Stock futures are mixed in Tuesday's session as investors analyse more big bank earnings and soft retail sales data.
Here are some of Tuesday's biggest stock gainers and losers:
Biggest stock gainers
- The Charles Schwab (NYSE:SCHW) shares increased by 13% following upbeat Q2 results. The company added 1 million new brokerage accounts in the quarter, increasing the total client assets to $8.02 trillion from $7.58 trillion at the beginning of the quarter.
- Transocean's (NYSE:RIG) stock surged over 8% after an unnamed independent operator awarded it a $518 million ultra-deepwater drillship contract in the Gulf of Mexico offshore Mexico. The 1,080-day contract is planned to begin between the fourth quarter of 2025 and the second quarter of 2026.

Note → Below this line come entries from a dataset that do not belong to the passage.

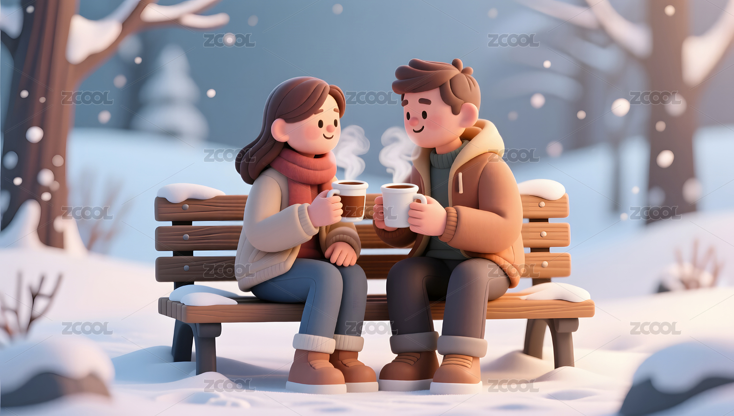 卡通,人物,帽子,围巾,外套,冬季,坐着,手套,眼睛,嘴巴
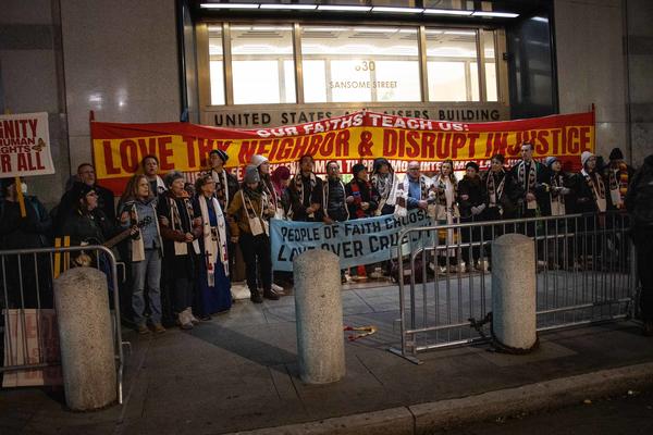 Interfaith action: “Faith Leaders Blockade and Shut Down ICE Field Office, San Francisco, December 16, 2025” Photo by Peg Hunter, on Flickr. |
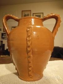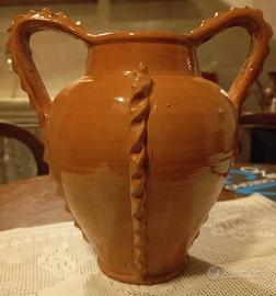 Il vaso presenta una lavorazione decorativa "a rilievo" lungo i manici e sui lati del corpo, tipica dell'artigianato artistico tradizionale. È un pezzo perfetto per arredamento rustico, shabby chic o come elemento di contrasto in un ambiente moderno.
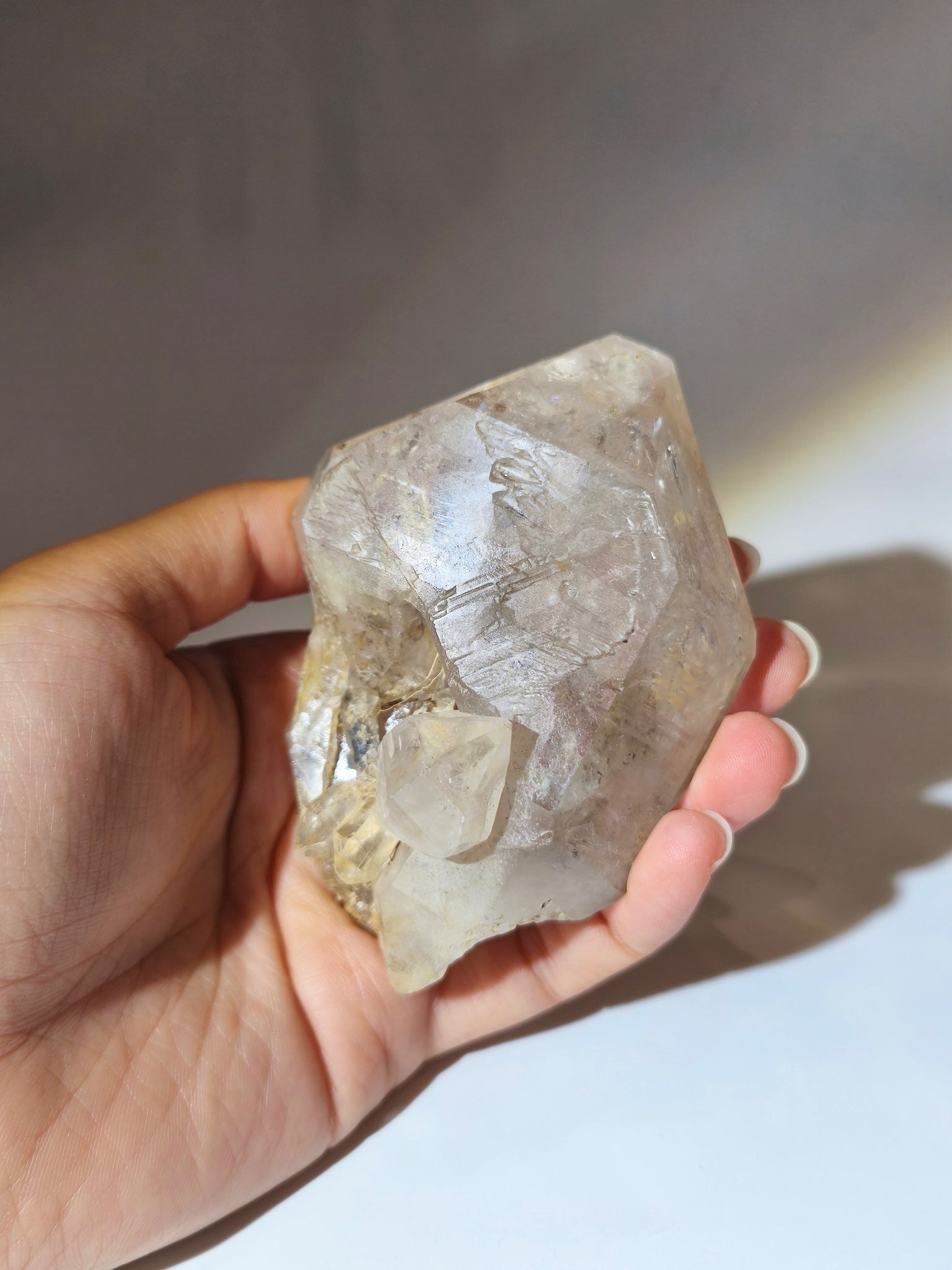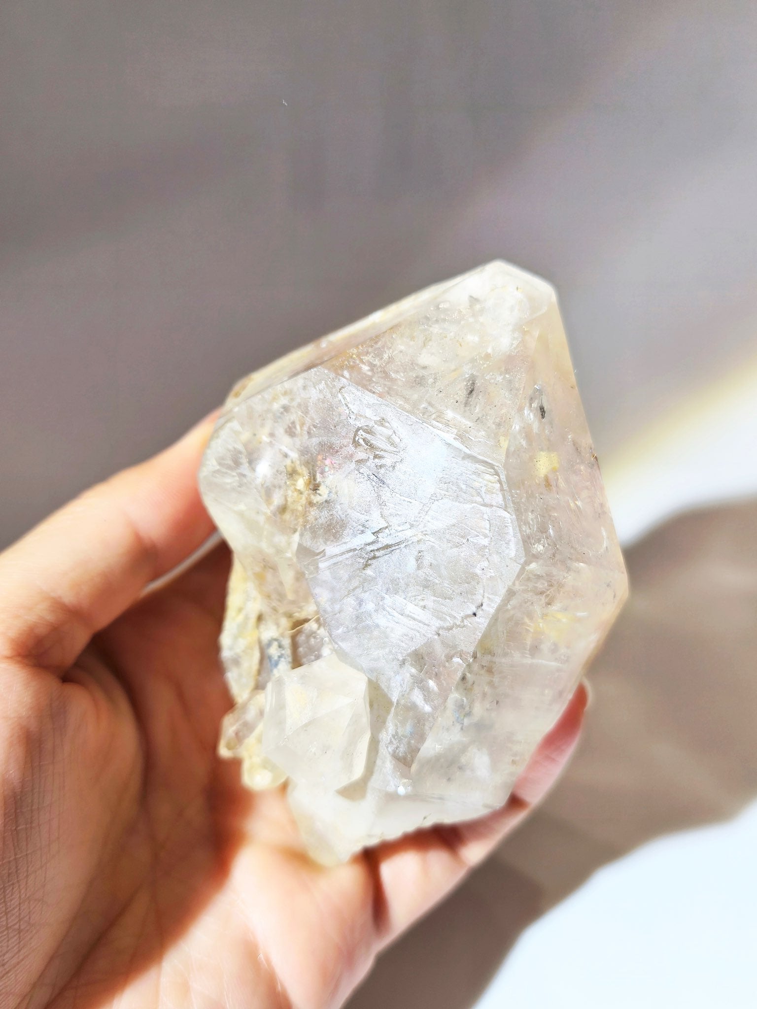 「這款金黃色的閃靈鑽,結合了『Golden Healer』的強力療癒頻率與『涅槃水晶』的深刻轉化特質。它歷經自然溶蝕,二次生長、還有共生水晶。擁有獨特的療癒頻率。內部的多空管結構更讓能量得以高速流通。對於尋求深層內在轉化與能量修復的人來說,它是一位強大的靈性導師。」
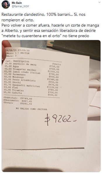 “Restaurante clandestino, 100% barrani… Sí, nos rompieron el orto. Pero volver a comer afuera, hacerle un corte de manga a Alberto, y sentir esa sensación liberadora de decirle “metete tu cuarentena en el orto” no tiene precio”, escribió en referencia a la prohibición de apertura de restaurantes dictada por el Gobierno Nacional en el marco de la cuarentena.

- Shares of Karyopharm Therapeutics (NASDAQ:KPTI) surged around 20% after the US FDA awarded Fast Track designation to the development program of selinexor for the treatment of patients with myelofibrosis. Top-line data from the Phase 3 study is expected in 2025.
- Sunrun (NASDAQ:RUN) stock climbed approximately 8% as Morgan Stanley picked the company in its solar energy choices ahead of the second quarter results season. Morgan Stanley analyst Andrew Percoco expects the company to achieve the middle of its 270–290 MW installations target in Q2 and model $12,921 NSV vs. the company's guidance for sequential growth off of $12K in Q1, and a "fairly constructive" update of the demand outlook on its Sunrun Shift product, supporting near-term market share gains in California, which could drive a positive full-year guidance revision.

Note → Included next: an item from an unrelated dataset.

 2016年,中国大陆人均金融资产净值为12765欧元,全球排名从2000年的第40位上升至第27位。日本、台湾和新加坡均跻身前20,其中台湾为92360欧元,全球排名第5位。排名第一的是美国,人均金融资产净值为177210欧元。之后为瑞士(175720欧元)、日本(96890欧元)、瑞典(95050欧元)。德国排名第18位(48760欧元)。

- The stock of FB Financial (NYSE:FBK) rose 16% after the company reported mixed second-quarter earnings. President and Chief Executive Officer, Christopher T. Holmes stated, "We boosted our balance sheet strength during the quarter so the Company is prepared regardless of whether the future brings challenges or opportunities. We continued reducing our exposure to public funds, enhancing our already diversified and granular deposit portfolio. We also reduced our exposure to commercial real estate, further strengthening our well-balanced loan portfolio. Additionally, our strong capital base and ample reserve for credit losses give us optionality in allocating capital and increasing returns as we move into the second half of 2023 and look forward to 2024."
Biggest stock losers
- Apellis Pharmaceuticals (NASDAQ:APLS) saw its stock plummet nearly 24% after a major ophthalmology medical group issued a caution about its geographic atrophy medication, Syfovre (pegcetacoplan). According to the American Society of Retinal Specialists, the inflammation occurs between one and two weeks following the first injection. Syfovre is given once every 25 to 60 days.
- Masimo (NASDAQ:MASI) stock fell nearly 27% after the company reported lower-than-expected preliminary revenue for Q2 and announced cost cuts in the second half of the year. The company now sees Q2 consolidated revenue in the range of $453 million to $457 million vs. consensus of $539.62 million. Healthcare revenue ranges from $280 million to $282 million, with non-healthcare revenue ranging from $173 million to $175 million. A shortfall in healthcare revenue is attributable to a variety of factors, including delays in large orders, high labor costs straining hospital budgets, conversion delays, and elevated sensor inventories due to past discounting.
- CEL-SCI (NYSE:CVM) shares plunged more than 20% after the company announced to raise $5 million by offering 2.5 million shares of its common stock at $2.00/share. Offering is expected to close on July 20, 2023 and proceeds will be used to fund the continued development of Multikine and for general corporate purposes.